The Current Customer Data Landscape Can’t Last

By Jon Stamell, CEO of Oomiji

Shifting Regulations and Changing Customer Behavior Spell Trouble for Brands

The digital marketing industry has known for years that the landscape for customer data collection and utilization is changing. From Google’s third-party cookie phase-out to the proliferation of regulations like GDPR and CCPA, the loss of concrete behavioral signals and efficient audience targeting means that brands that relied on high digital ad spend for growth will no longer see the returns on their investment that they’ve grown accustomed to.

The changes represent a confluence of several compounding factors: privacy regulation was evolving before the Covid-19 pandemic, but the pandemic forced a huge swath of consumer activity online when millions were forced to order what they needed rather than risk the health exposure of shopping in-person.

The unsettled market that resulted has meant that brands have a harder time reaching new customers and hanging on to old ones, while at the same time previously reliable behavior signals and shopping habits no longer serve as good indicators of future conditions. There is surely a path forward for the industry, but in order to find it we must first understand how the current environment came to be.

Evolving Privacy and Consumer Awareness

Between June 2019 and February 2020 the New York Times published a series of articles in their “Privacy Project,” which aimed to educate readers on the tracking and surveillance they’re regularly subjected to through their smartphones.
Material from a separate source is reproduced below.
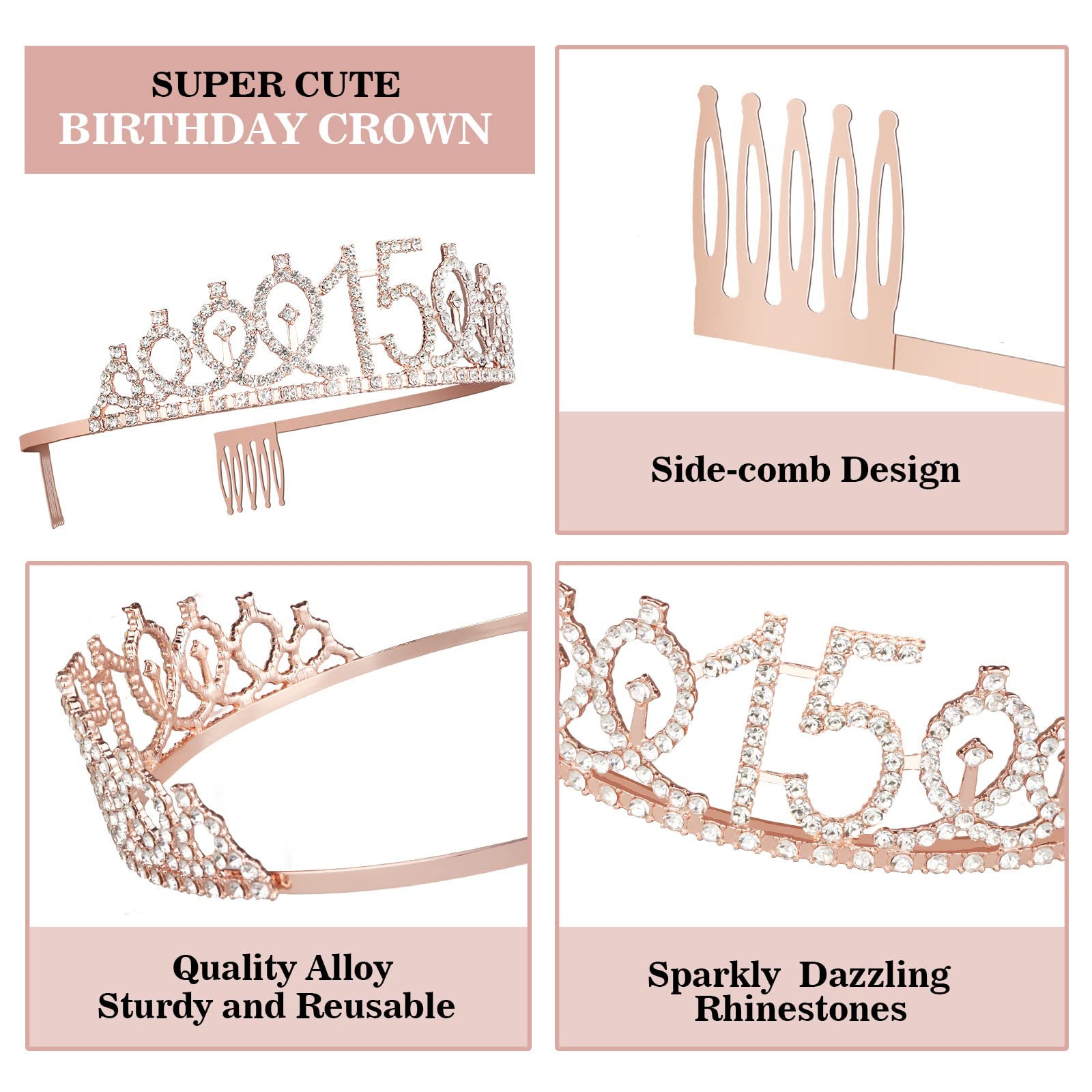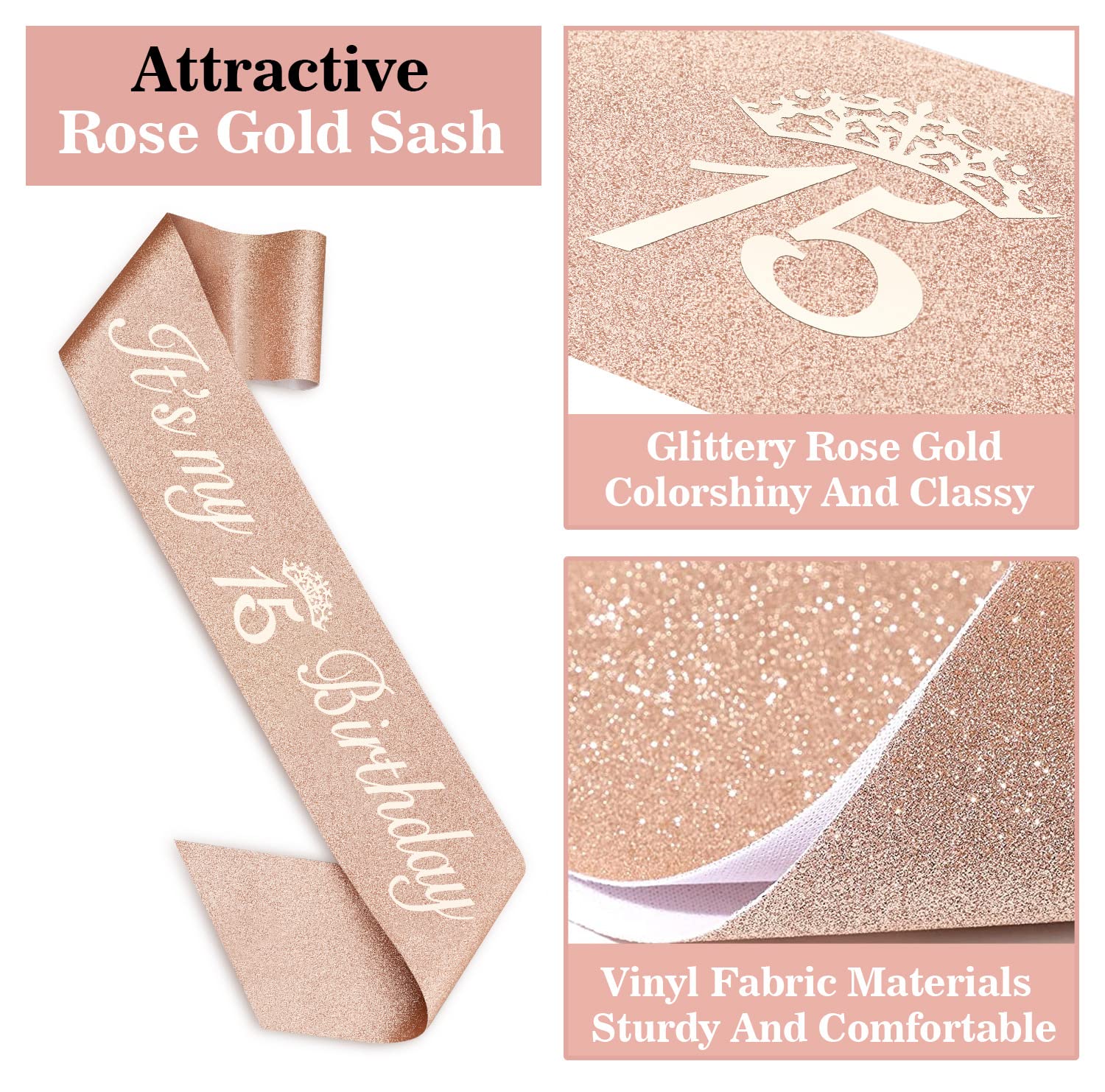 【Rose Gold Birthday Sash for Girls】: Our 15th Birthday Sash Is Made of High Quality Glitter Fabric with Foil Lettering . The Sash is in 63 inch Length and Comes With A Gold Charm Safety Pin that You Can Easily Adjust The Length You Need

While most consumers recognized that they were getting retargeted ads based on their browsing history at that point, very few understood the extent of surveillance they were subjected to by a dizzying array of third-party data brokers who sold their profiles and behavioral patterns to the highest bidder.

The Times’ Privacy Project roughly coincided with the rise of GDPR in Europe and CCPA in California. Both laws require companies to obtain explicit consent from consumers before sharing any personal data with third parties. People began opting out of cookies and other behavioral tracking as awareness grew, and consumer trust cratered alongside.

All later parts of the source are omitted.